The investment policies and all other actions of the Portfolio are and
shall at all times be subject to the control and direction of the Fund's
Board of Trustees.
  (b) Management Services.  The Adviser shall perform (or arrange for the
performance by its affiliates of) the management and administrative
services necessary for the operation of the Fund.  The Adviser shall,
subject to the supervision of the Board of Trustees, perform various
services for the Portfolio, including but not limited to: (i) providing the
Portfolio with office space, equipment and facilities (which may be its
own) for maintaining its organization; (ii) on behalf of the Portfolio,
supervising relations with, and monitoring the performance of, custodians,
depositories, transfer and pricing agents, accountants, attorneys,
underwriters, brokers and dealers, insurers and other persons in any
capacity deemed to be necessary or desirable; (iii) preparing all general
shareholder communications, including shareholder reports; (iv) conducting
shareholder relations; (v) maintaining the Fund's existence and its
records; (vi) during such times as shares are publicly offered, maintaining
the registration and qualification of the Portfolio's shares under federal
and state law; and (vii) investigating the development of and developing
and implementing, if appropriate, management and shareholder services
designed to enhance the value or convenience of the Portfolio as an
investment vehicle.
 The Adviser shall also furnish such reports, evaluations, information or
analyses to the Fund as the Fund's Board of Trustees may request from time
to time or as the Adviser may deem to be desirable.  The Adviser shall make
recommendations to the Fund's Board of Trustees with respect to Fund
policies, and shall carry out such policies as are adopted by the Trustees. 

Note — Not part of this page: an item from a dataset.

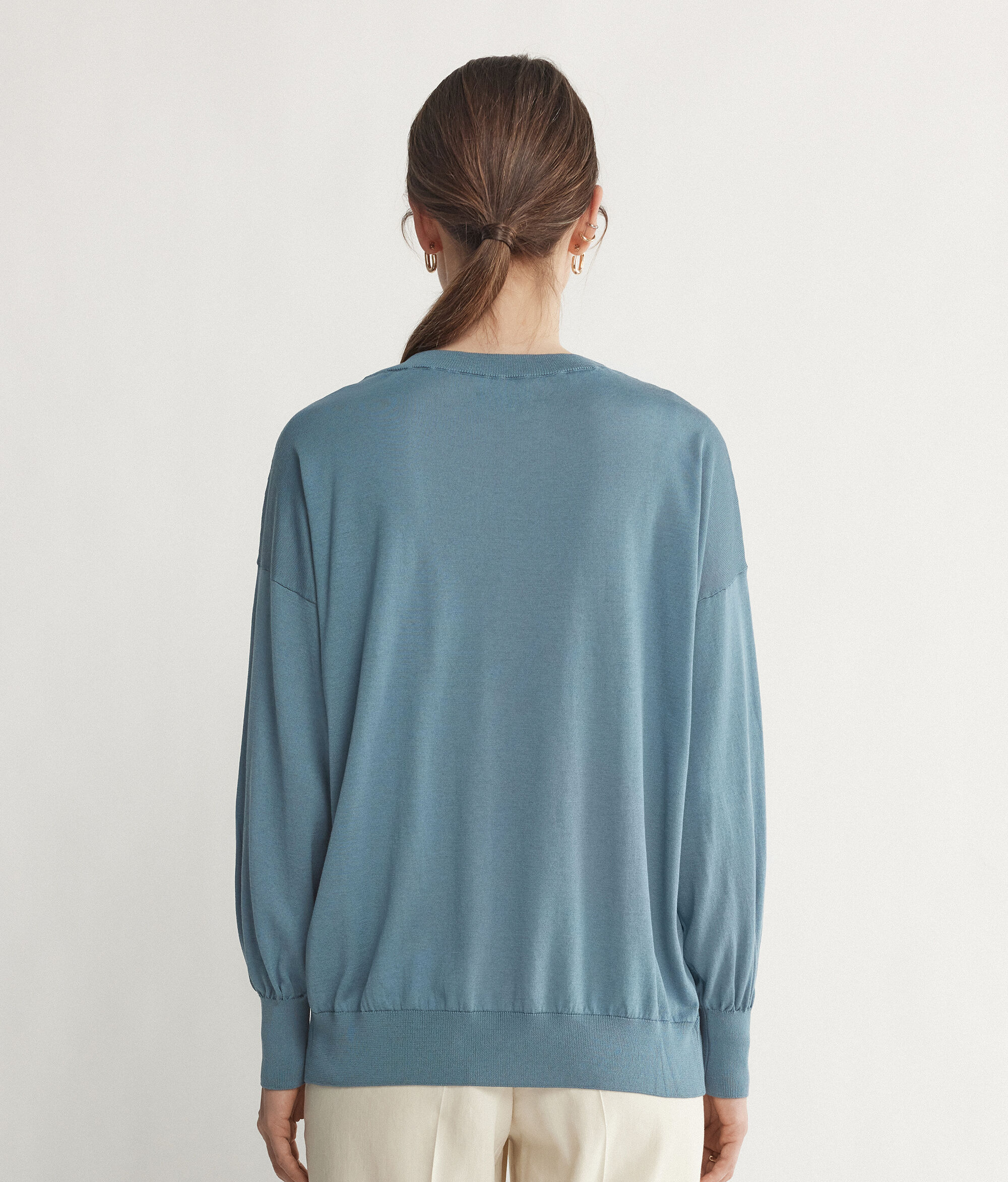 V-Neck Silk and Cotton Jumper with Balloon Sleeves

The Adviser shall, subject to review by the Board of Trustees, furnish such
other services as the Adviser shall from time to time determine to be
necessary or useful to perform its obligations under this Contract.

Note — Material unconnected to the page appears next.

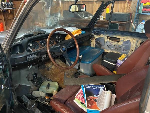 While the basic body of this 2002 doesn’t look too bad and no accident damage is visible, the driver’s side floor pan is completely rusted away. Once rust gets its never-sleep hands on a 2002, it’s not likely to be pretty. This is a major project for somebody.

     (c) The Adviser shall place all orders for the purchase and sale of
portfolio securities for the Portfolio's account with brokers or dealers
selected by the Adviser, which may include brokers or dealers affiliated
with the Adviser.         The Adviser shall use its best efforts to seek to
execute portfolio transactions at prices which are advantageous to the
Portfolio and at commission rates which are reasonable in relation to the
benefits received.         In selecting brokers or dealers qualified to
execute a particular transaction, brokers or dealers may be selected who
also provide brokerage and research services (as those terms are defined in
Section 28(e) of the Securities Exchange Act of 1934) to the Portfolio
and/or the other accounts over which the Adviser or its affiliates exercise
investment discretion.         The Adviser is authorized to pay a broker or
dealer who provides such brokerage and research services a commission for
executing a portfolio transaction for the Portfolio which is in excess of
the amount of commission another broker or dealer would have charged for
effecting that transaction if the Adviser determines in good faith that
such amount of commission is reasonable in relation to the value of the
brokerage and research services provided by such broker or dealer.     
   This determination may be viewed in terms of either that particular
transaction or the overall responsibilities which the Adviser and its
affiliates have with respect to accounts over which they exercise
investment discretion.         The Trustees of the Fund shall periodically
review the commissions paid by the Portfolio to determine if the
commissions paid over representative periods of time were reasonable in
relation to the benefits to the Portfolio.    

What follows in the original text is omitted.